Fat is found in many foods. Some of the fat that we eat comes from the fat we add in cooking or spread on breads, vegetables or other foods. A lot of fat is hidden in foods that we eat as snacks, pastries or prepared meals.
We can reduce the amount of fat we eat by cutting down on the fat that we add in cooking or spread on foods. We can eat skim milk and low fat cheeses instead of whole milk and cheese. We can also use less fat, oil, butter, and margarine. Another way to cut down on fat is to drain and trim meats and take the skin off poultry. We can also read labels and compare the amount of fat in foods to make lower fat choices.
Fiber
Fiber is one kind of carbohydrate. It is sometimes called roughage or bulk. Fiber is the part of plant foods that our bodies do not break down during digestion. Because fiber isn't digested, it doesn't give us calories. Foods that contain a lot of fiber may also contain other types of carbohydrates like starch or sugar. While we do not get calories from the fiber in these foods, we do get calories from the sugars and starches they contain.
Fiber is important for keeping the digestive tract working smoothly. Since we do not digest it, the fiber in food passes into the intestine and absorbs water. The undigested fiber creates "bulk" so the muscles in the intestine can push waste out of the body. Eating enough fiber helps prevent constipation. It may also reduce the risk of getting colon cancer. Some fibers can help lower blood cholesterol.

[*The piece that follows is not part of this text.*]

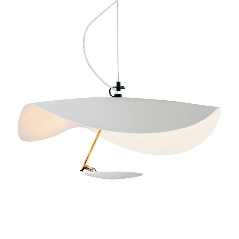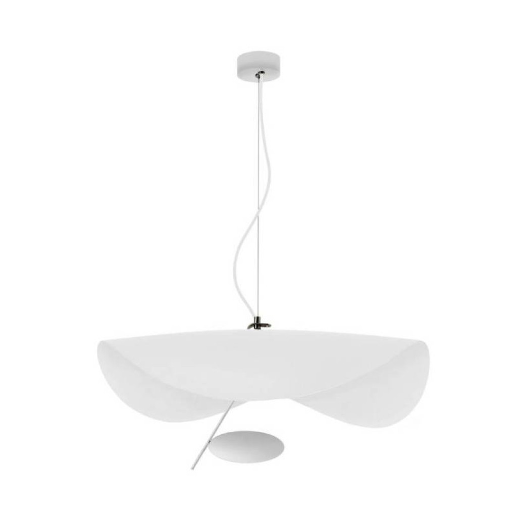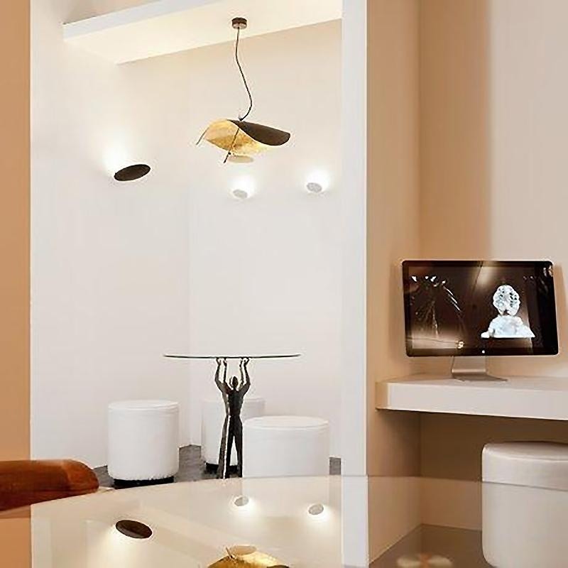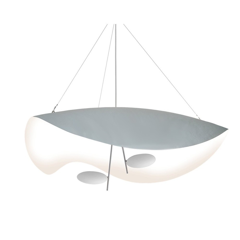 The Lederam Manta Pendant/ Ceiling features a gracefully curving shade that embodies fluidity and the accuracy of the motion required to draw a line, with a disc shade extending out with a metal rod. Finished in White with the option of a White, Satin, or Gold rod. May be ceiling or wall mounted. CE listed. Born in 1950, Enzo Catellani lives in Bergamo. During the 1980s, he began the limited-series production of lamps made to his designs, for sale through his own shop. In 1989, the lamps attracted the attention of Düsseldorf-based distributors Renate and Peter Meese, who presented them at the Ambiente expo in Frankfurt, where they were rapturously received.

Dried peas and beans like lentils, black-eyed peas, chickpeas and kidney beans are the best sources of fiber. The skins and seeds in fresh fruits and vegetables are good sources, too. Whole-grain cereals and breads like oatmeal, brown rice, grits and whole-wheat bread are all naturally high in fiber.

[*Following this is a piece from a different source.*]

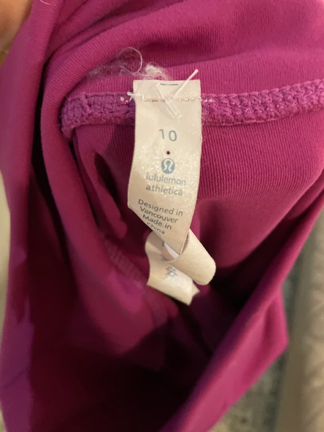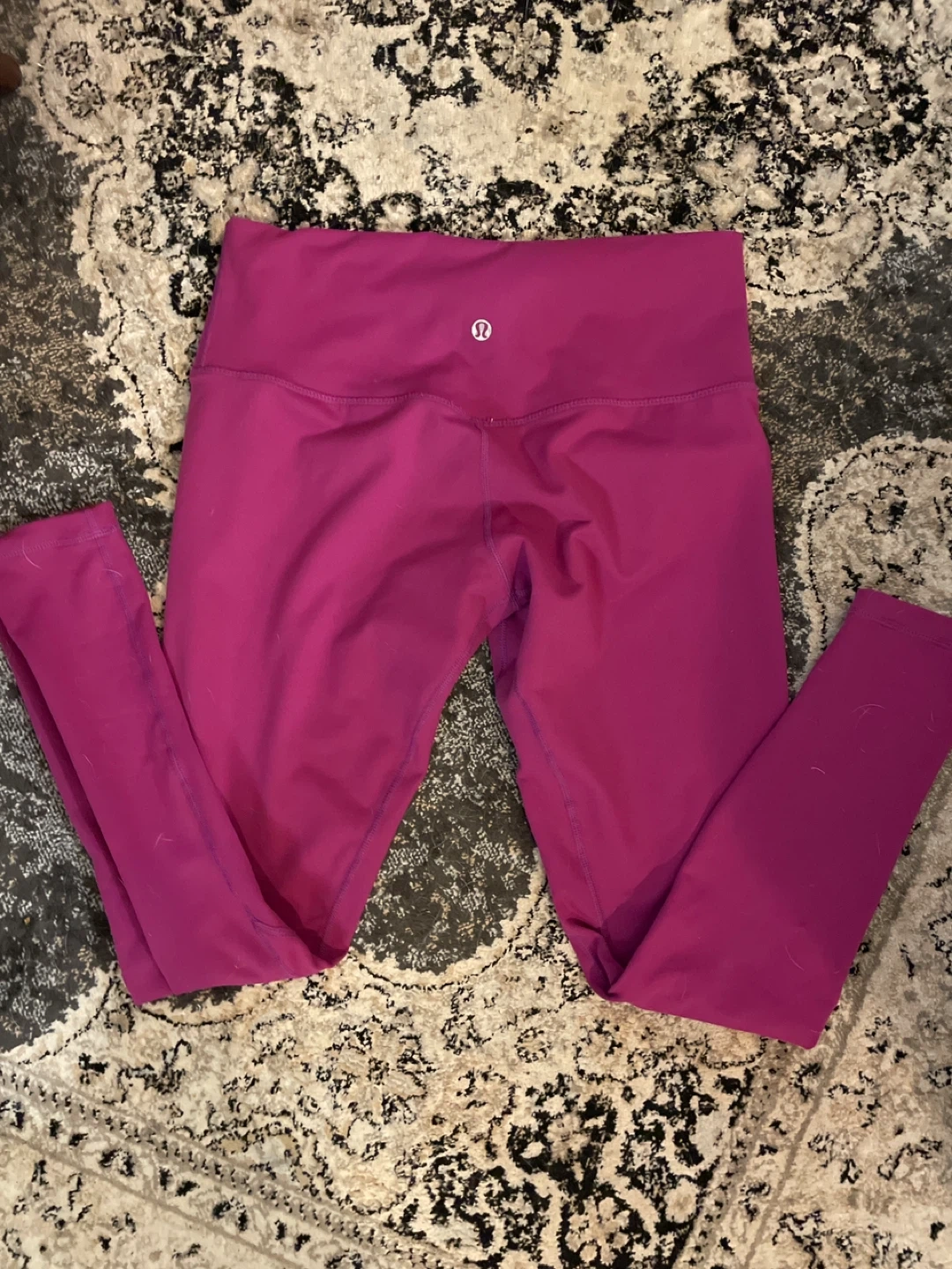 Selling a pair of Lululemon Athletica leggings in size 10! They're a vibrant magenta colour and in great condition. Perfect for workouts or just lounging around!

Often the fiber in plant foods (like skins, bran or seeds) is removed when the food is cooked by us or processed by the manufacturer. We get more fiber when we eat whole fruits and vegetables with the peels and seeds than we do when we eat foods like applesauce or instant mashed potatoes. When we shop we can look on food labels to find products that say "100%" whole grain. We can also compare the Nutrition Facts to find foods with more fiber.